• _PROBLEM STATEMENT_
Copy, pictures aside: the lines below from the one that holds "(250430) -- NACIONES" through the final line of the listing, both ends included, exactly as they are and nothing else.

• _DATA PROVIDED_

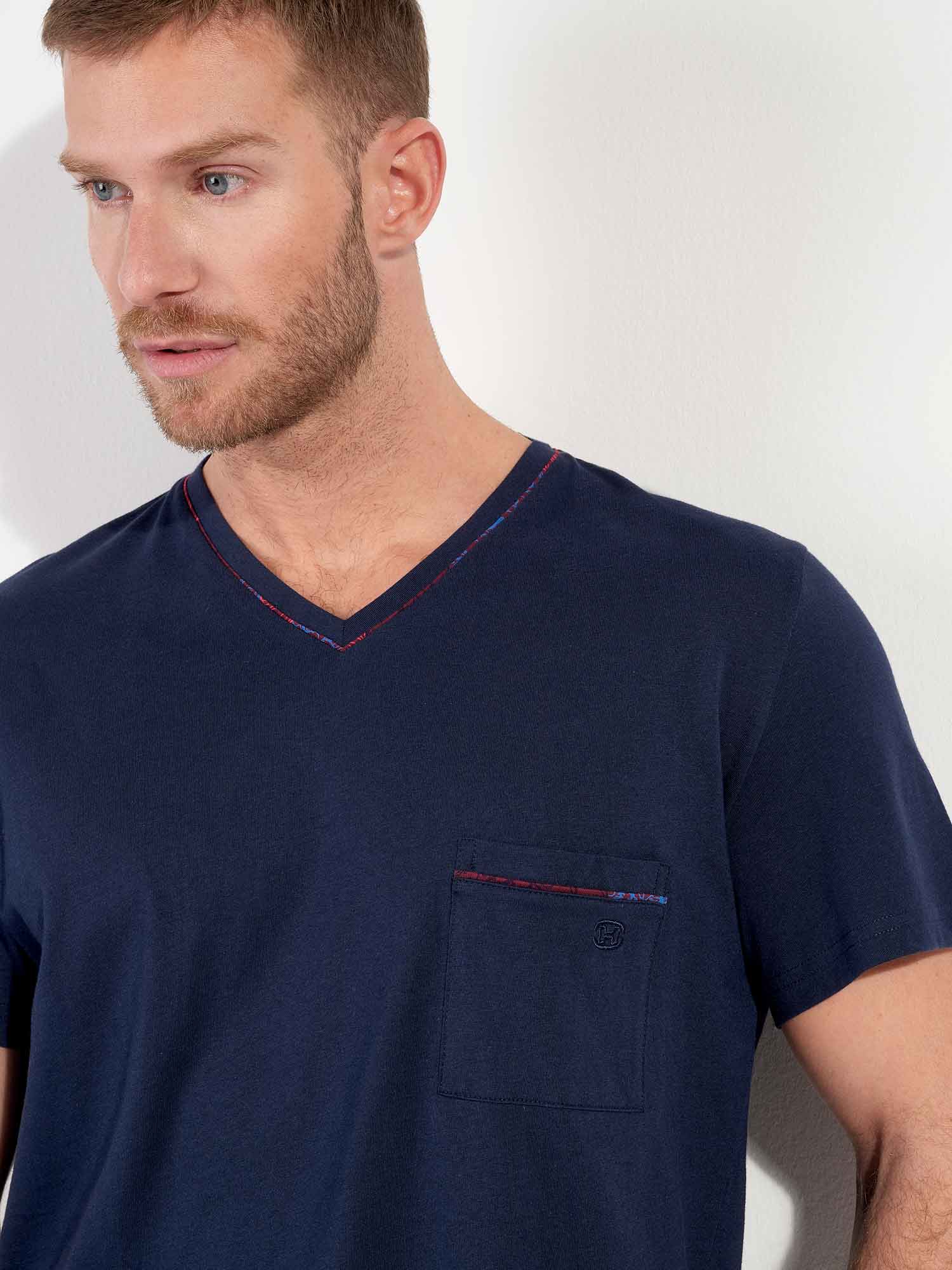 - T-shirt bleu marine avec poche poitrine et liseré fleuri
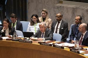 (250430) -- NACIONES UNIDAS, 30 abril, 2025 (Xinhua) -- Imagen del 29 de abril de 2025 del secretario general de...
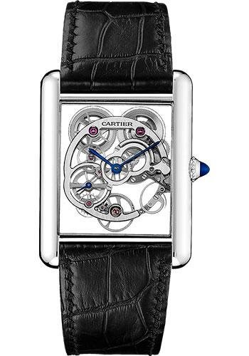 30mm x 39.2mm 18K white gold case, 7.45mm thick, sapphire back, beaded 18K pink gold crown set with a blue sapphire cabochon, 18K pink gold case bezel, sapphire crystal, skeleton dial, caliber 9616 MC manual-winding movement with blued-steel sword-shaped hands, approximately 3 days of power reserve, black alligator skin strap, double adjustable folding buckle. Water resistant to 3 bar.
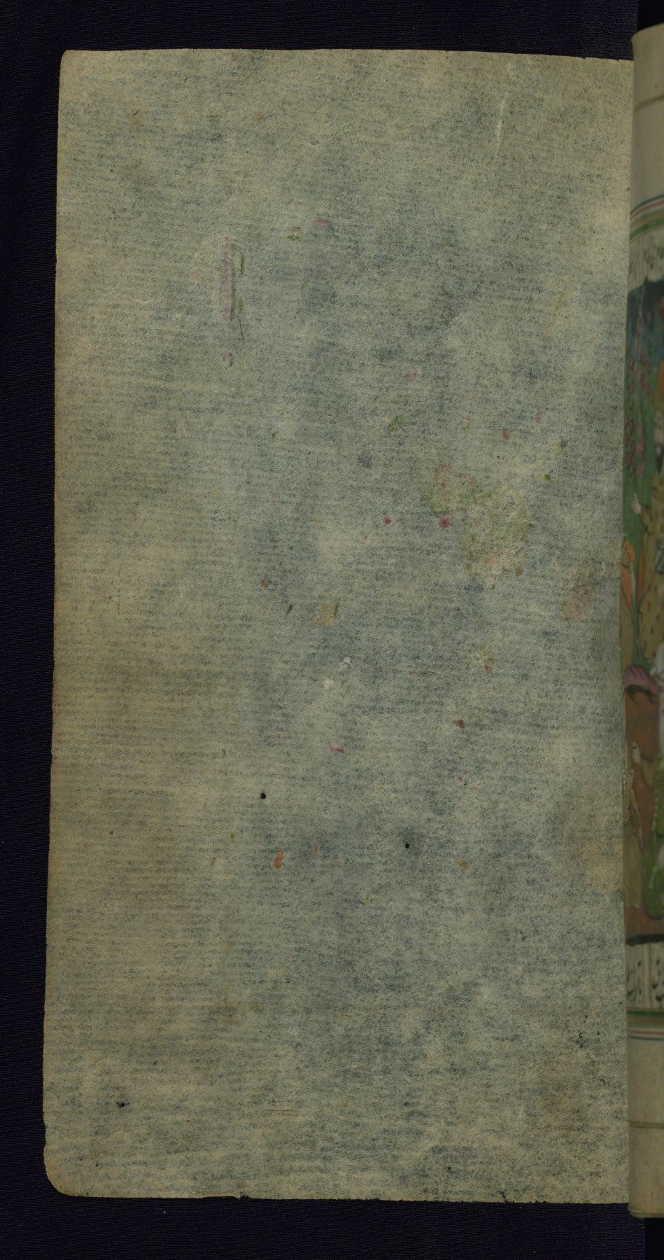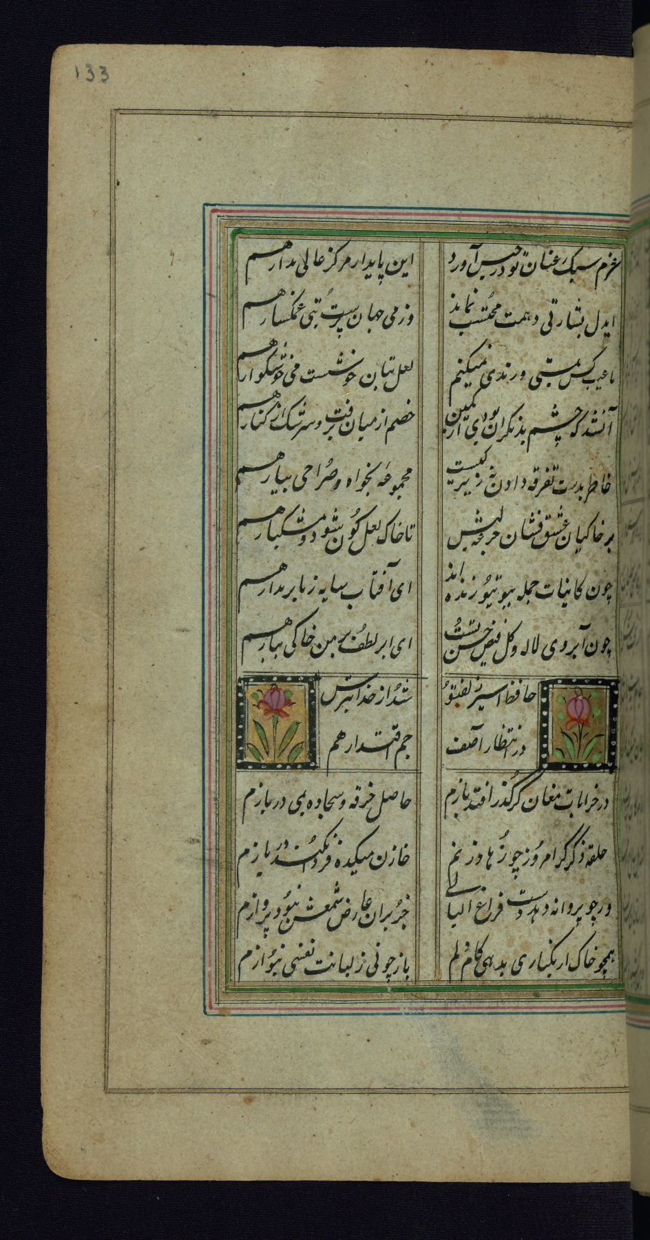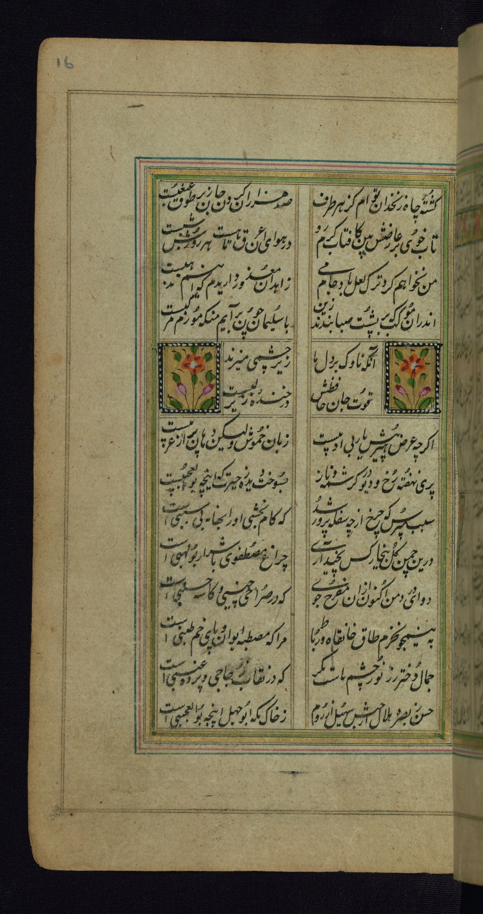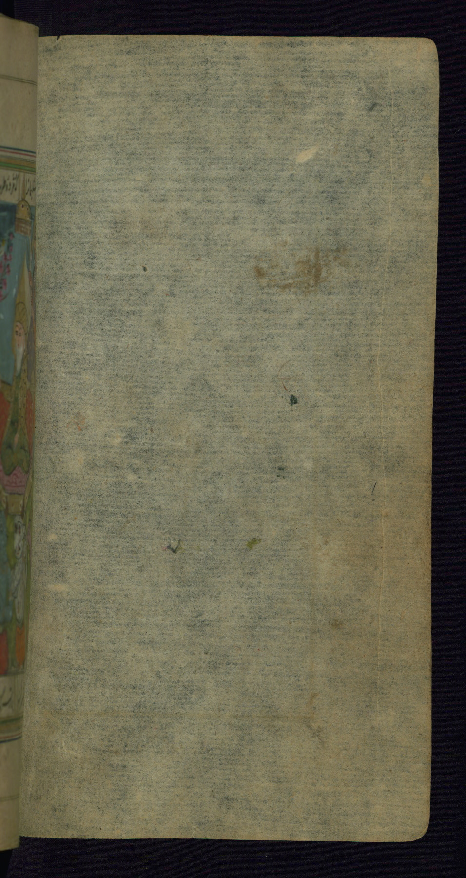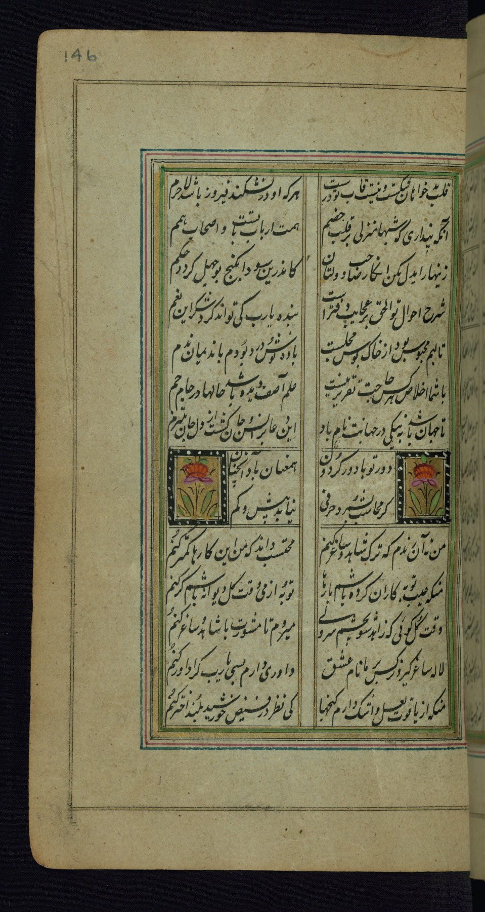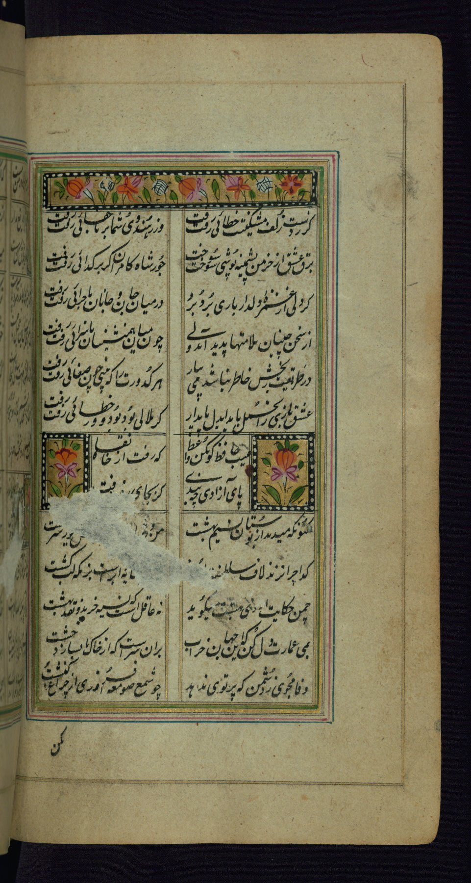 This is an illuminated and illustrated Collection of poems (dīvān) by Shams al-Dīn Muḥammad Ḥāfiz al-Shīrāzī (fl. eighth century AH / fourteenth CE), which was produced in India. According to the colophon, the manuscript was completed on the 19th Rajab 1202[?] AH / 1788[?] CE. It opens with a double-page illuminated incipit (fols. 1b-2a) with headpiece that introduces the preface (dībāchah) (fols. 1b-4b), followed by another double-page illuminated incipit with headpiece opening the main text of the Dīvān (fols. 5b-6a). The codex is decorated throughout with square and rectangular panels, as well as horizontal bands with floral decoration marking the end of odes, quatrains, or series of verses. There are forty-nine illustrations. The brown leather binding with medallion and pendants is contemporary with the manuscript.

• _EXPECTED OUTPUT_
 (250430) -- NACIONES UNIDAS, 30 abril, 2025 (Xinhua) -- Imagen del 29 de abril de 2025 del secretario general de...
 30mm x 39.2mm 18K white gold case, 7.45mm thick, sapphire back, beaded 18K pink gold crown set with a blue sapphire cabochon, 18K pink gold case bezel, sapphire crystal, skeleton dial, caliber 9616 MC manual-winding movement with blued-steel sword-shaped hands, approximately 3 days of power reserve, black alligator skin strap, double adjustable folding buckle. Water resistant to 3 bar.
 This is an illuminated and illustrated Collection of poems (dīvān) by Shams al-Dīn Muḥammad Ḥāfiz al-Shīrāzī (fl. eighth century AH / fourteenth CE), which was produced in India. According to the colophon, the manuscript was completed on the 19th Rajab 1202[?] AH / 1788[?] CE. It opens with a double-page illuminated incipit (fols. 1b-2a) with headpiece that introduces the preface (dībāchah) (fols. 1b-4b), followed by another double-page illuminated incipit with headpiece opening the main text of the Dīvān (fols. 5b-6a). The codex is decorated throughout with square and rectangular panels, as well as horizontal bands with floral decoration marking the end of odes, quatrains, or series of verses. There are forty-nine illustrations. The brown leather binding with medallion and pendants is contemporary with the manuscript.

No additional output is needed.